THE cellular forms of natural materials are at the origin of a new lightweight, 3D printed, intelligent and architectural material, developed by an international team of engineers.

The team, led by engineers from the University of Glasgow, mixed a common form of industrial plastic with carbon nanotubes to create a material that is tougher, tougher and smarter than comparable materials.

Nanotubes also allow otherwise non-conductive plastic to carry electrical charge throughout its structure.

When the structure is subjected to mechanical loads, its electrical resistance changes.

The phenomenon, known as piezoresitivity, gives the material the ability to “feel” its structural health.

The material mimics structures found in nature. Photo by Meggyn Pomerleau on Unsplash.

Using advanced 3D printing techniques that provide a high level of control over the design of the printed structures, the team was able to create a series of complex designs with medium-scale porous architecture.

This reduces the overall weight of each design and optimizes mechanical performance.

The cellular design is similar to porous materials found in the natural world, such as beehives, sponges and bones which are light and sturdy.

The researchers believe their cellular materials could find new applications in medicine, prosthetics, and automotive and aerospace design.

The research is available online as a first article in the journal Advanced Engineering Materials.

In the paper, the researchers describe how they investigated the energy absorption and self-sensing characteristics of three different nano-engineered models that they printed using their custom material, which is made from random copolymer of polypropylene and multi-walled carbon nanotubes.

Of the three designs tested, they found that one had the most effective combination of mechanical performance and auto-sensing capability, a cube-shaped “plate array” incorporating tightly packed flat sheets.

The lattice structure, when subjected to monotonic compression, shows an energy absorption capacity similar to nickel foams of the same relative density.
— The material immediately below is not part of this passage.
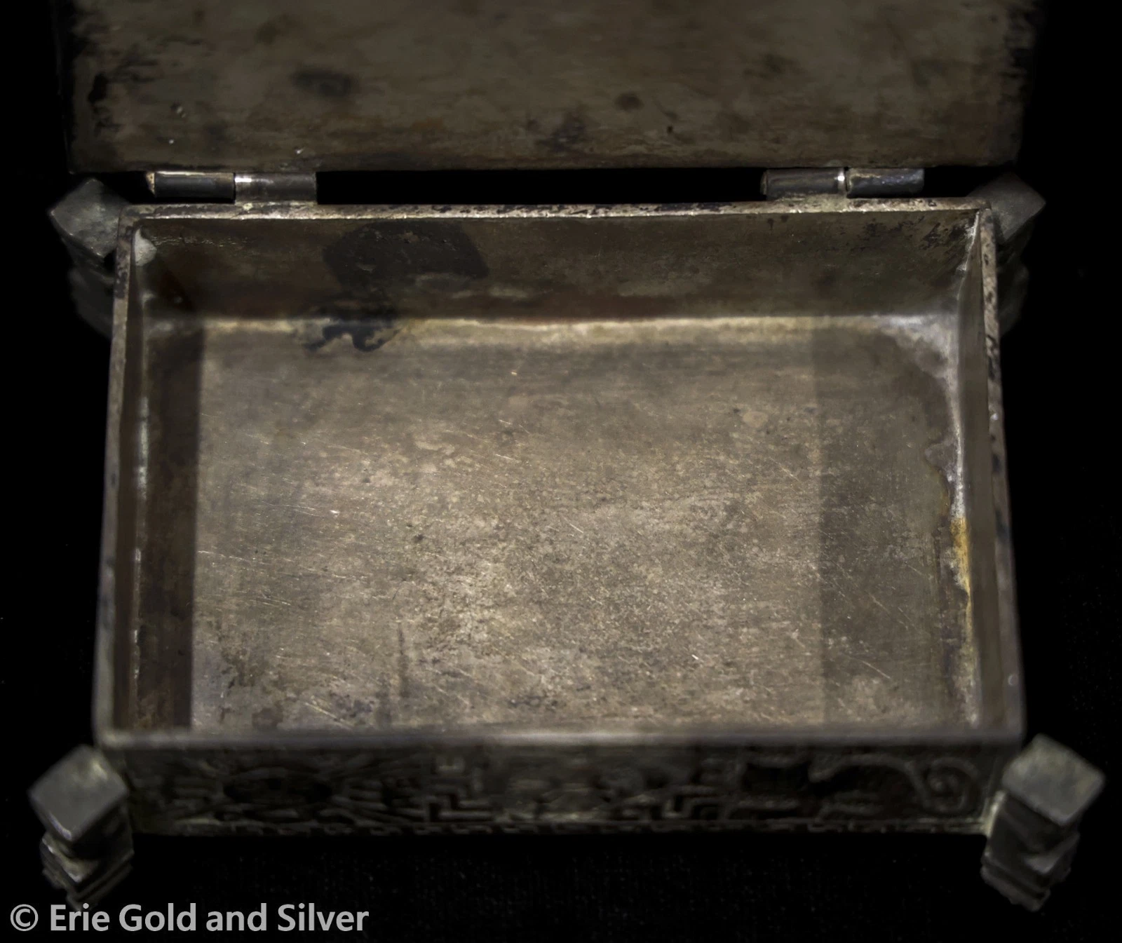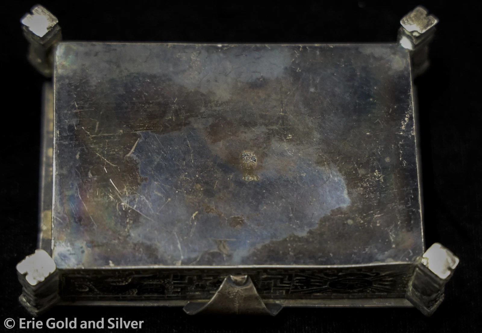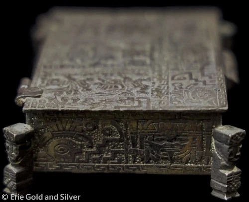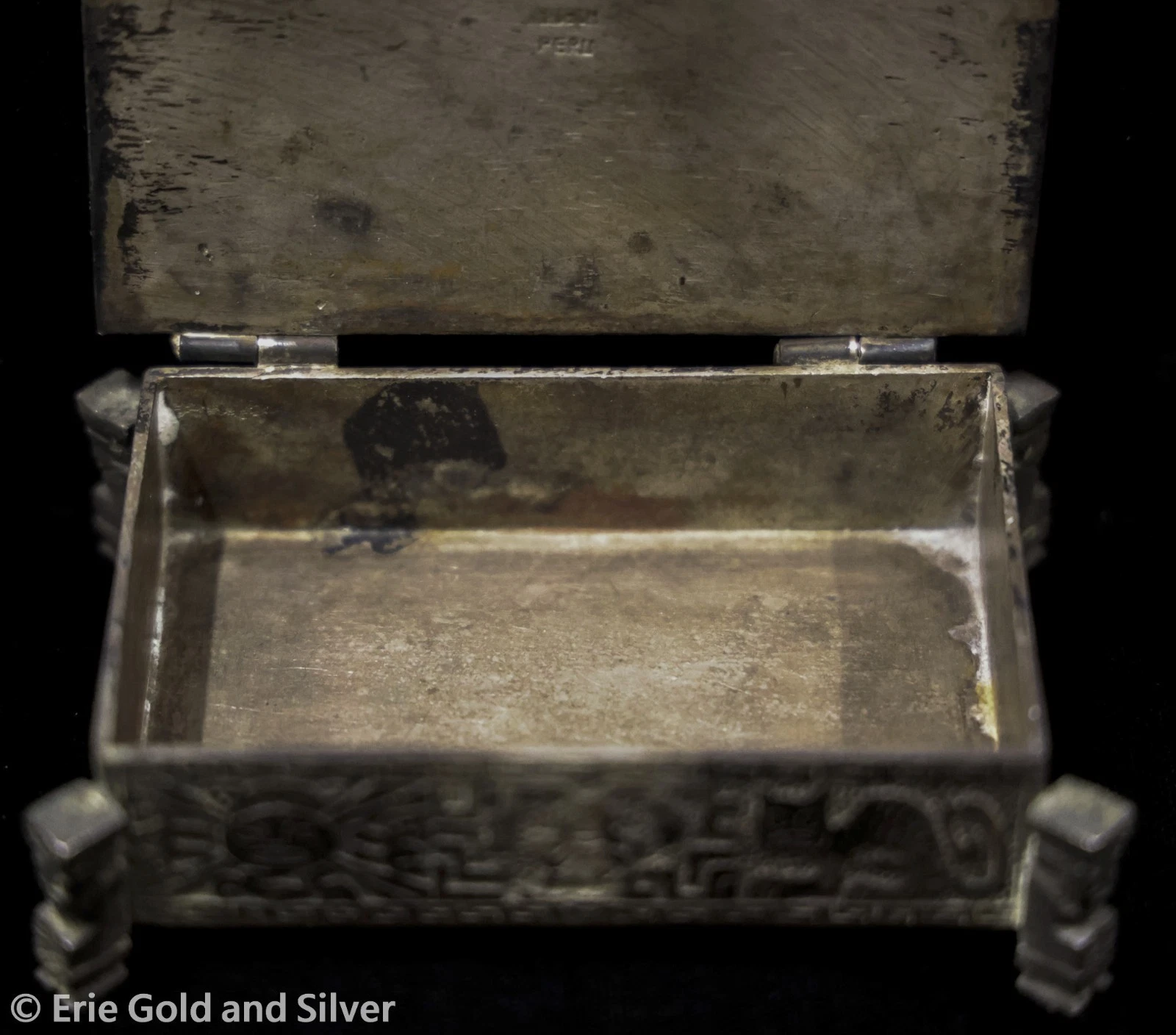 For sale is a Peru Ornate Aztec Mayan 900 Silver Footed Jewelry Box.

It also outperformed a number of other conventional materials of the same density.

The research was led by Dr Shanmugam Kumar from the University of Glasgow’s James Watt School of Engineering, alongside colleagues Professor Vikram Deshpande from the University of Cambridge and Professor Brian Wardle from the Massachusetts Institute of Technology .

Dr Kumar said: “Nature has a lot to teach engineers about how to balance properties and structure to create lightweight, high-performance materials.
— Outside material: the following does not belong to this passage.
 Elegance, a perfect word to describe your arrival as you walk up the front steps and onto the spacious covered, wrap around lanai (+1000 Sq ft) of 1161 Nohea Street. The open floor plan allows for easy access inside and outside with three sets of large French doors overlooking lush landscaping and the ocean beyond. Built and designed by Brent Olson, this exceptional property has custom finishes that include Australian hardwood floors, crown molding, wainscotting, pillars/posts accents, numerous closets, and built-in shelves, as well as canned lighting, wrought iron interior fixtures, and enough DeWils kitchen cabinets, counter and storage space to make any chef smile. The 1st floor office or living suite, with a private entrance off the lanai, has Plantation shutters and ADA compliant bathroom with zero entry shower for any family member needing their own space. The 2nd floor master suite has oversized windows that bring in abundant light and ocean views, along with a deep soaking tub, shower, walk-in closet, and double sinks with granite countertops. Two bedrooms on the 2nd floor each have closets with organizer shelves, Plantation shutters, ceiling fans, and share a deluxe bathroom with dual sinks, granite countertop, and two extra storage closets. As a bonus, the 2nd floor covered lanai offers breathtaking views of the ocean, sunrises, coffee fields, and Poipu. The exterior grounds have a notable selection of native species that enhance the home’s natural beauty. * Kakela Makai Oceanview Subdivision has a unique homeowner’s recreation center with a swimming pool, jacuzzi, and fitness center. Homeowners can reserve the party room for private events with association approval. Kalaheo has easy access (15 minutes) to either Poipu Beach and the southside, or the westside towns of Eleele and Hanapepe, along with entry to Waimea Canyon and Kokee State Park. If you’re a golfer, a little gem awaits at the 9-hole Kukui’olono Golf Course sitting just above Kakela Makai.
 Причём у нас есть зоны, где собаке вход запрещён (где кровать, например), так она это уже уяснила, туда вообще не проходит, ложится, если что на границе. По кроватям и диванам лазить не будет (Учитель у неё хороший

“We took inspiration from these shapes to develop our new cellular materials, which offer unique advantages over their conventionally produced counterparts and can be fine-tuned to manipulate their physical properties.
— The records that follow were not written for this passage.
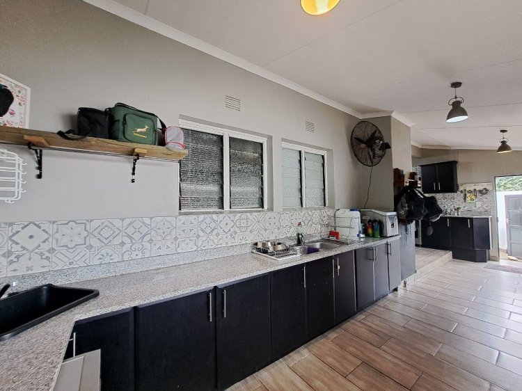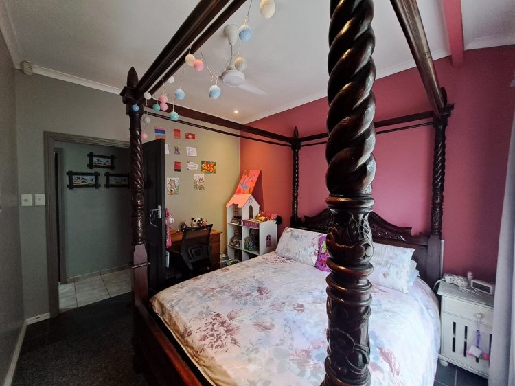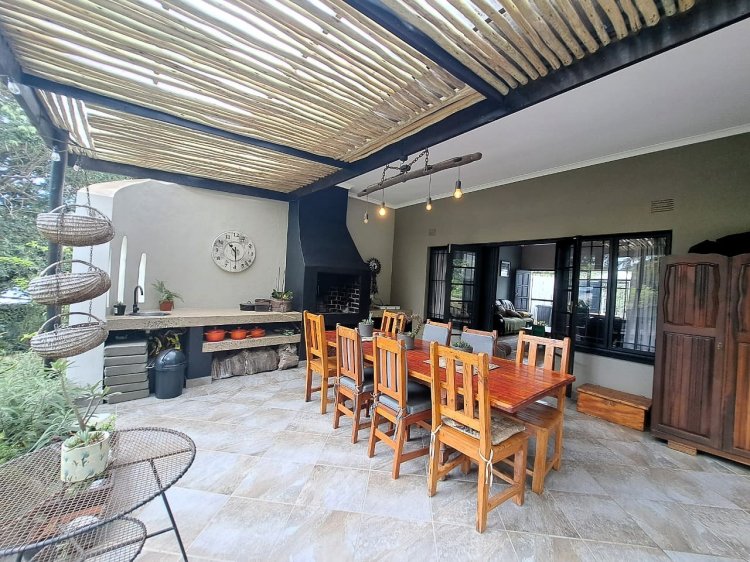 Step outside and you’ll find an impressive entertainment area complete with a built-in braai. The enclosed garden is just the right size for children to play and pets to roam freely. Flexibility is the key here—whether indoors or outdoors, the spaces are designed to be enjoyed and adapted to the needs of everyday family life.
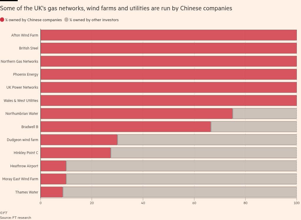 Leading state investors include China Investment Corporation — which owns 8.7 per cent of Thames Water and 10 per cent of Heathrow airport — and China General Nuclear (CGN), which holds a minority stake in the Hinkley Point C plant in Somerset.
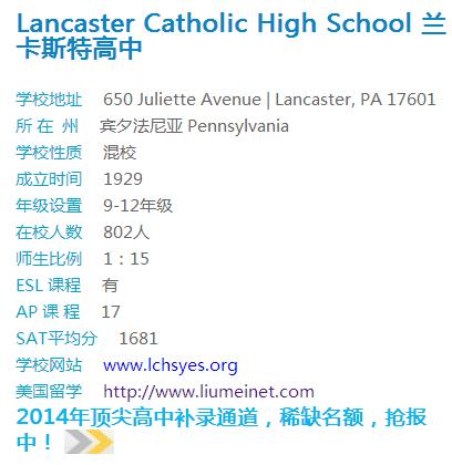 兰卡斯特高中成立于1929年,占地 面积约30英亩,是一所提供全日制9至12年级 较大规模的私立高中。学校目前注册高中学生 800名,教职工88名,其中32名教师拥有硕士 或博士学位。学校以家庭氛围著称,学生和教师关系相当融洽。兰卡斯特高中以科学及艺术方面的成绩突出。学生屡获全美科学和艺术竞赛大奖。2008年,兰卡斯特高中学生获得美国总统奖,美国英特尔科学竞赛奖,全美环保工程奖,全美博物馆和自然历史竞赛奖。每年该 校学生都会获得地区各类学术竞赛60%的奖项。学校课程设置相当丰富,在科学和艺术领 域为优秀学生提供了各种富有挑战性的课程和课外项目。学生在科技和艺术方面的兴趣和特长能得到充分发挥,学校每年都有大量的学生进入众多全美顶尖大学。

“The polypropylene random copolymer we have chosen offers better processability, better temperature resistance, better product consistency and better impact resistance.

“The carbon nanotubes help make it mechanically robust while giving it electrical conductivity.

“We can choose the extent of porosity in the design and engineer the porous geometry to improve mass-specific mechanical properties.

“Lightweight, stronger, self-sensing materials like these have great potential for practical applications.

“They could help make lighter, more efficient car bodies, for example, or back braces for people with conditions like scoliosis that can sense when their bodies aren’t getting optimal support.

“They could even be used to create new architectural electrode shapes for batteries.”

The research was supported by funding from the University of Glasgow and the Engineering and Physical Sciences Research Council.